INSTRUCTIONS FOR THE TASK: Each line of the data must be written out again verbatim; no image belongs in the copy.

STORED DATA:
....

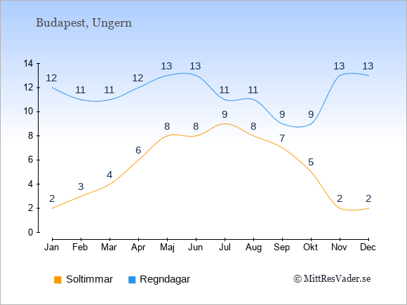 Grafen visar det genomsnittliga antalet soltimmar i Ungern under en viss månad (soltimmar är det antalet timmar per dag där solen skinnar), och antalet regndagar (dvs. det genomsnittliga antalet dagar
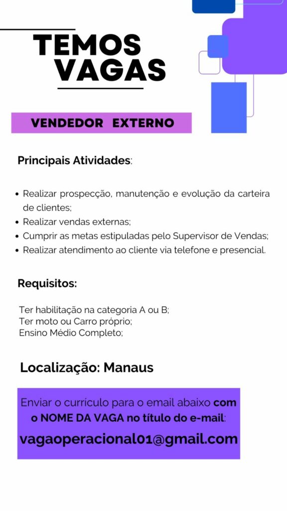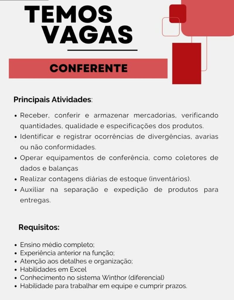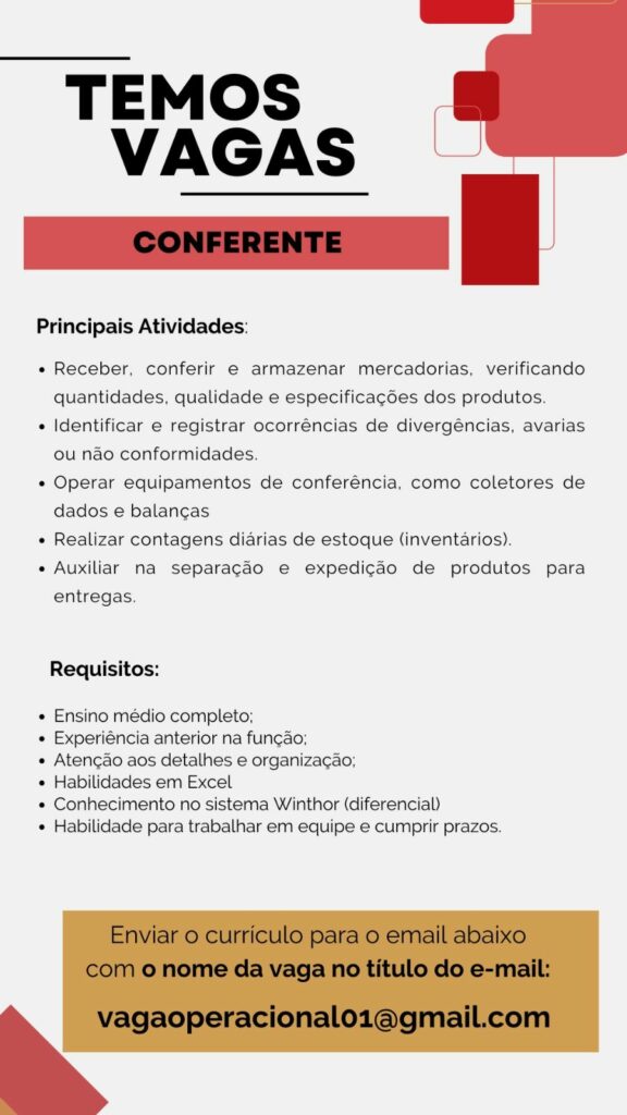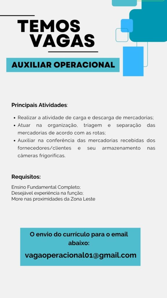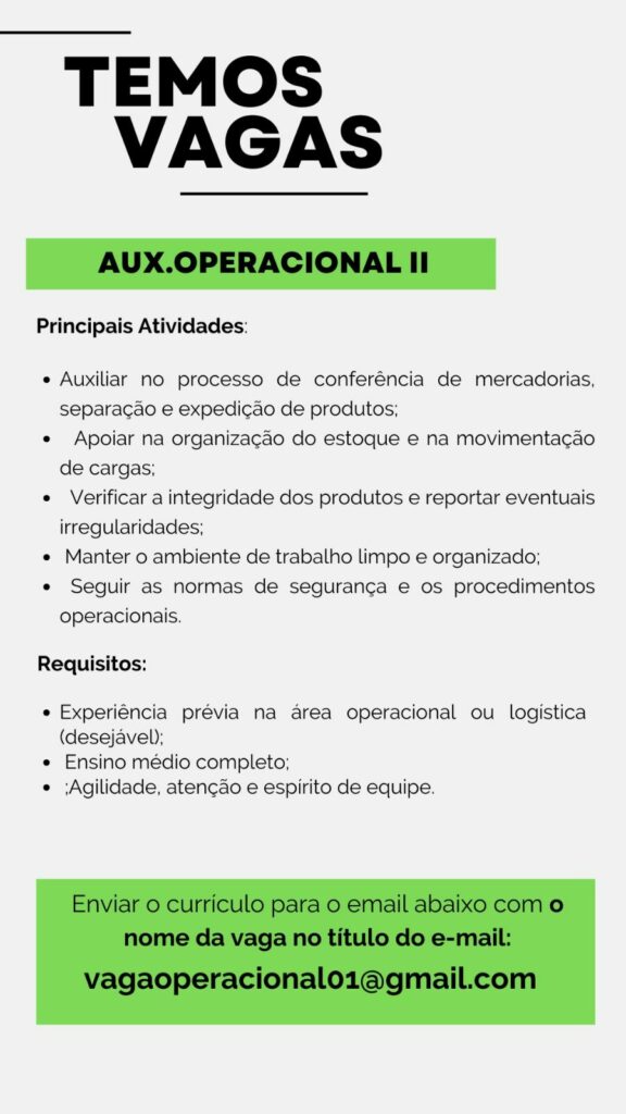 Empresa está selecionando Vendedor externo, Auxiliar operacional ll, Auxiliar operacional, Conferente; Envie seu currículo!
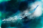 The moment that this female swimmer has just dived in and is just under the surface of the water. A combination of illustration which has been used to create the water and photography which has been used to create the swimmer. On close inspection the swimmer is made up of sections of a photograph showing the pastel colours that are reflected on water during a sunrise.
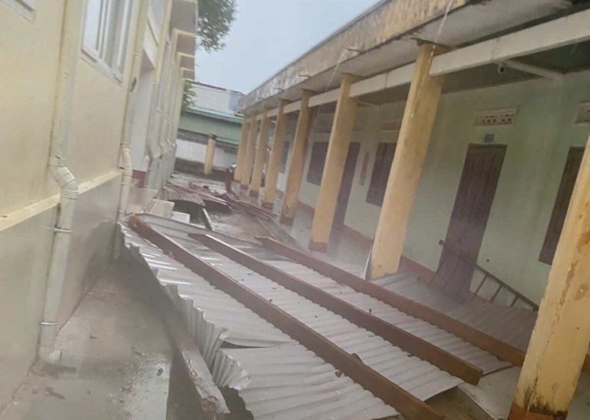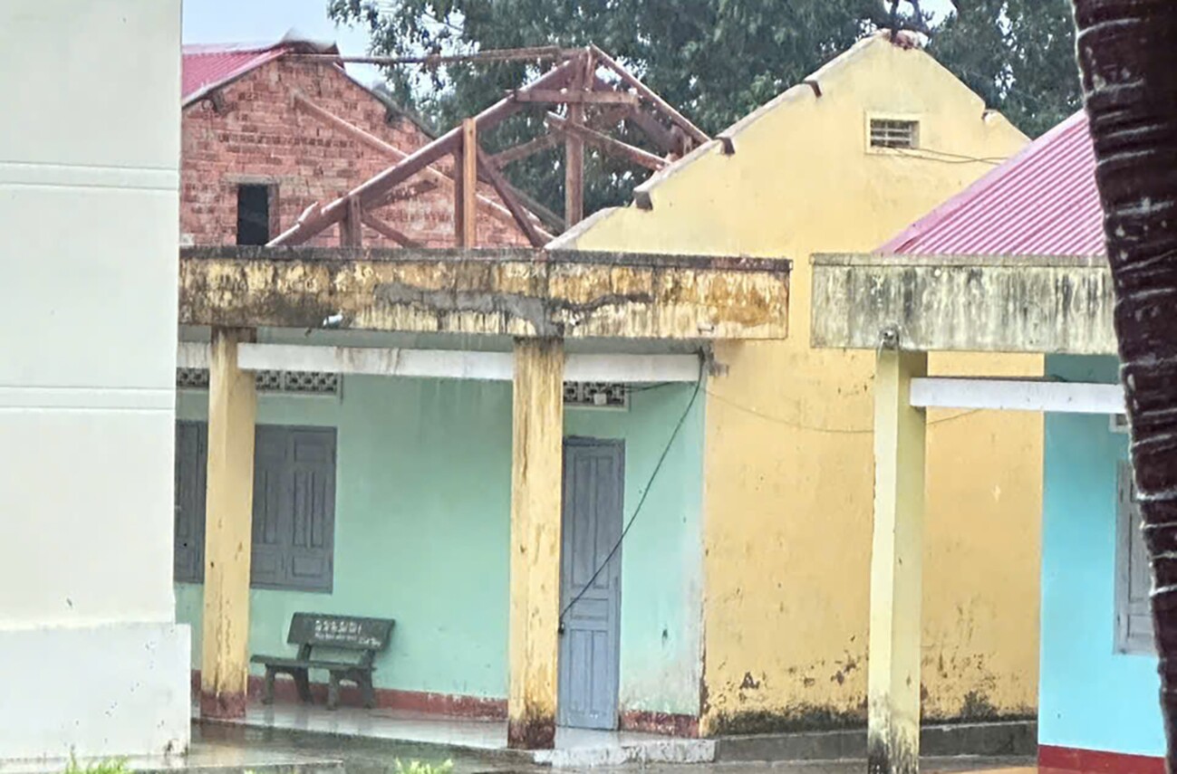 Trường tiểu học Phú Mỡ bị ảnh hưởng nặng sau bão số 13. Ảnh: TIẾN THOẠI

....

RESPONSE:
 Grafen visar det genomsnittliga antalet soltimmar i Ungern under en viss månad (soltimmar är det antalet timmar per dag där solen skinnar), och antalet regndagar (dvs. det genomsnittliga antalet dagar
 Empresa está selecionando Vendedor externo, Auxiliar operacional ll, Auxiliar operacional, Conferente; Envie seu currículo!
 The moment that this female swimmer has just dived in and is just under the surface of the water. A combination of illustration which has been used to create the water and photography which has been used to create the swimmer. On close inspection the swimmer is made up of sections of a photograph showing the pastel colours that are reflected on water during a sunrise.
 Trường tiểu học Phú Mỡ bị ảnh hưởng nặng sau bão số 13. Ảnh: TIẾN THOẠI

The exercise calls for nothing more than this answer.